Resonance Structures and Delocalization HL Only
Quick Notes:
- Resonance occurs when a molecule or ion has more than one valid Lewis structure with different positions for double bonds.
- The actual structure is a resonance hybrid – a blend of all possible resonance forms.
- Electrons are delocalized across more than two atoms in the molecule.
- We show resonance structures with double-headed arrows (↔) between forms.
- Resonance structures have the same arrangement of atoms, only electron positions differ.
- Common examples include O3, NO3−, benzene (C6H6).
- Delocalization reduces bond length differences and stabilizes the molecule.
Full Notes:
What Are Resonance Structures?
Resonance structures are different valid Lewis structures for the same molecule or ion, where:
- Atoms stay in the same positions
- Electron pairs (especially double bonds) are in different positions
These structures represent the same molecule, not different forms. The actual molecule is a resonance hybrid, meaning the bonding is a mixture of the possible forms.
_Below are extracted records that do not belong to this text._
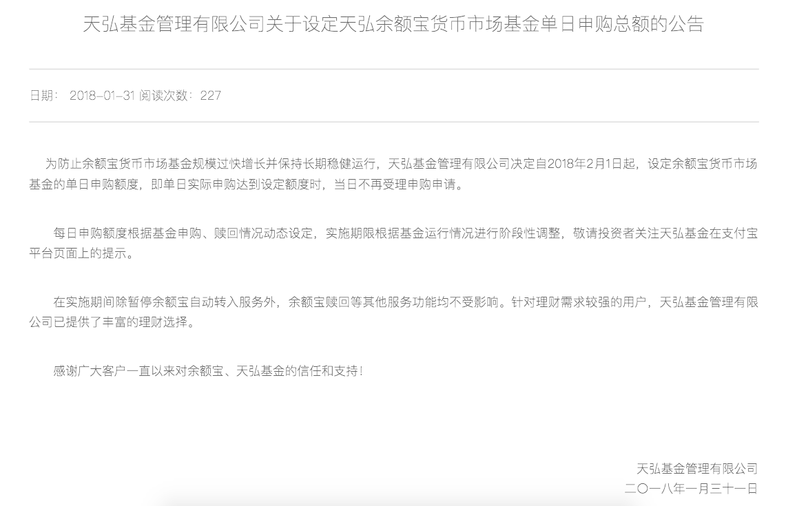1月31日,天弘基金发布公告称,自2月1日起,将设置余额宝每日申购总量,即单日实际申购达到设定额度时,当日不再受理申购申请。每日申购额度根据基金申购、赎回情况动态设定,实施期限根据基金运行情况进行阶段性调整。
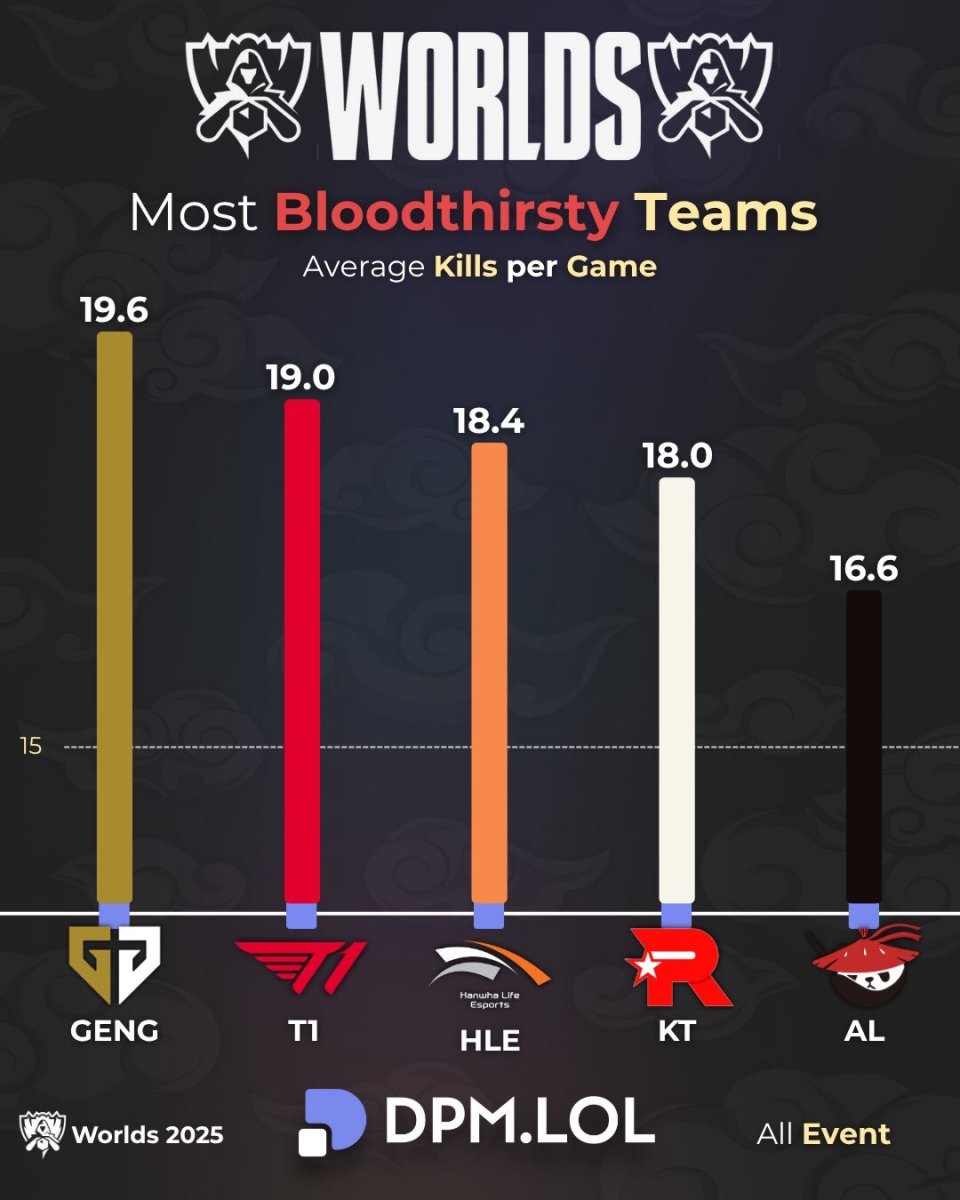Recently, foreign media compiled statistics on average kills per game during the S15 Swiss stage group matches. GEN, T1, HLE, and KT occupy the top four spots, while AL, as the last hope for the LPL, ranks fifth. From the performances so far, it’s clear that the LCK remains very strong, especially GEN, who show overwhelming dominance. With the current meta changes, the playstyle has shifted from the traditional style to more frequent team fights in the early and mid-game, greatly enhancing the viewing experience for fans!
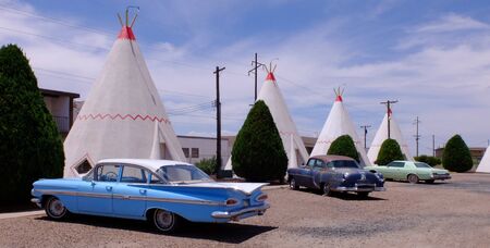 Holbrook, AZ USA - October 29, 2016: The Wigwam Motel with its tipee style rooms and vintage cars is a popular tourist destination in this small desert town near the Petrified Forest.
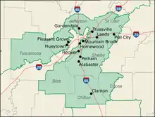 Voting in Alabama, like in other states of the Deep South, was heavily polarized by race. According to exit polls, 98% of black Alabamians voted Democratic while 88% of white Alabamians voted Republican.[19] Obama's 12 percent showing among white Alabamians was easily his worst in the nation, and prevented him from having any realistic chance of carrying the state.[20] Ultimately, McCain won by running up massive landslides in the state's suburban areas; several Birmingham, Montgomery and Mobile suburbs gave McCain over 70 percent of the vote. The old-line Dixiecrats in these areas began splitting their tickets as early as the 1940s; apart from Carter, some of these areas haven't supported a Democrat for president since Adlai Stevenson II in 1952.
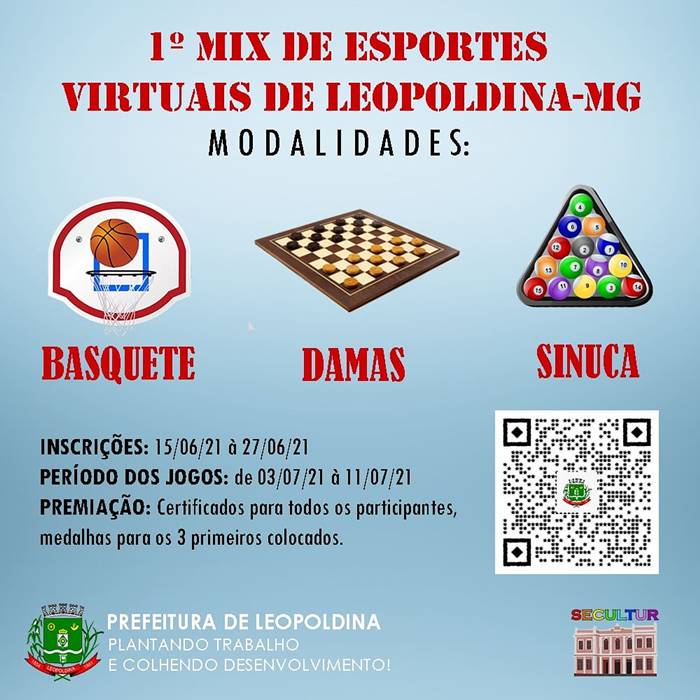 A Prefeitura Municipal de Leopoldina, através da Secretaria Municipal de Esportes, Lazer, Cultura e Turismo (SECULTUR) promove o 1° Mix de Esportes Virtuais de Leopoldina com as modalidades de basquete, damas e sinuca e o 1° Desafio Corrida Virtual de Leopoldina 2021.

Delocalization of Electrons
In resonance structures, π (pi) electrons are delocalized (spread over multiple atoms). This creates partial bonding across the delocalized region, resulting in equal bond lengths and increased stability.
Delocalization helps explain unusual bond lengths, stability of polyatomic ions, and the special nature of aromatic compounds like benzene.
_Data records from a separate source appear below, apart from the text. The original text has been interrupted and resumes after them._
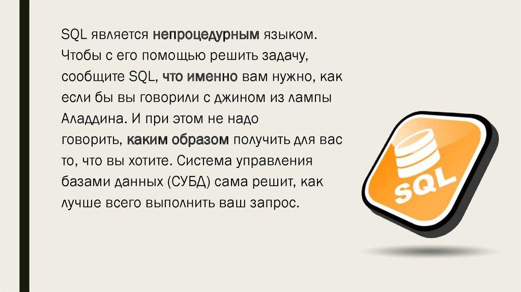 SQL является непроцедурным языком.Чтобы с его помощью решить задачу,
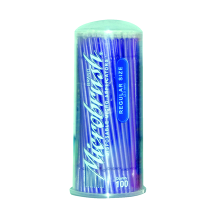 Original Microbrush applicators, flocked with non-absorbent fibres. Bendable neck, remains in the desired position and facilitates the precise introduction of liquids and gels (varnishes, liners, etchants, adhesives, etc.) in hard-to-reach areas. Also suitable for staining agents. Holds up to 1/8th of a drop of liquid without dripping. "Stay-Put Bending" technology: Applicator head remains in the desired position without spring-back. Rigid brush head for scrubbing. Does not lose fibres. All pack sizes offer hygienic removal of one applicator each. Regular head size 2mm. Purple colour
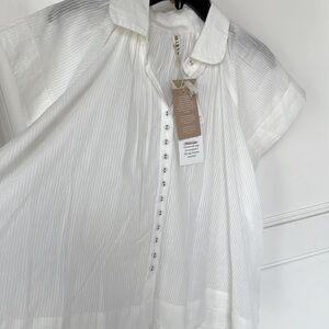 MIRTH Kerala Short Sleeved Blouse Button Down White Pinstripe Women's Size XSMALL NEW NWT
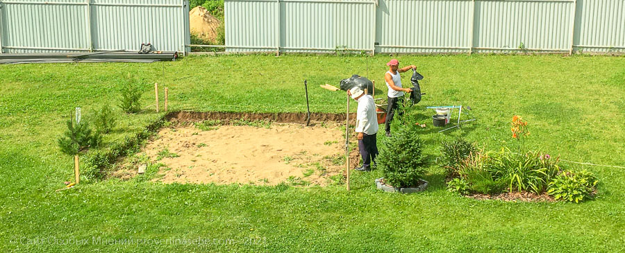 На дне котлована соорудили песчаную подушку толщиной в 15 сантиметров. И ещё на 15 сантиметров конструкция должна была возвышаться над поверхностью земли. Это избавит от наносов грязи с газона, когда весенние ручьи захотят пронести талые воды именно в этом месте.

Common examples include ozone, carboante ions and benzene.
Example Ozone (O3)
Two valid structures: one double bond between the left O and middle O, or between the middle O and right O. Actual structure: a resonance hybrid where both O–O bonds are intermediate in length and strength.
Example Carbonate ion (CO32−)
Three resonance structures, each with one C=O and two C–O− bonds. In the hybrid all C–O bonds are equivalent in length and strength.
Example Benzene (C6H6)
Six carbon atoms form a ring with alternating single and double bonds. The resonance hybrid has delocalized electrons forming a stable aromatic ring.
Drawing and Recognising Resonance
When drawing resonance structures:
- Use square brackets around resonance structures for ions
- Connect the structures with double-headed arrows (↔)
- Only electron positions change – atom positions stay fixed
Why Are Oxygen and Ozone Dissociated by Different Wavelengths of Light?
Oxygen (O2) and ozone (O3) absorb different wavelengths of light due to differences in their bonding and electron delocalisation.
The oxygen-oxygen bond in O2 is a true double bond, making it shorter and stronger than the bonds in ozone.
In ozone (O3), bonding is delocalised because of resonance. Instead of one single and one double bond, ozone forms a resonance hybrid where both oxygen-oxygen bonds are identical, with bond order between a single and a double bond.
As a result, ozone has no pure O=O double bond, but two longer, weaker bonds than in O2. This makes ozone easier to break, so it absorbs lower-energy (longer wavelength) UV light than oxygen.
In short, the greater delocalisation in ozone reduces the bond strength, explaining why it absorbs different light compared to O2.
Summary
- Resonance structures show different valid Lewis forms of the same molecule with different electron placements.
- The actual structure is a resonance hybrid with delocalized electrons.
- Delocalization explains equal bond lengths and greater molecular stability.
- Examples include O3, NO3−, and benzene.
- Ozone absorbs longer wavelength UV light than O2 because its bonds are weaker due to delocalization.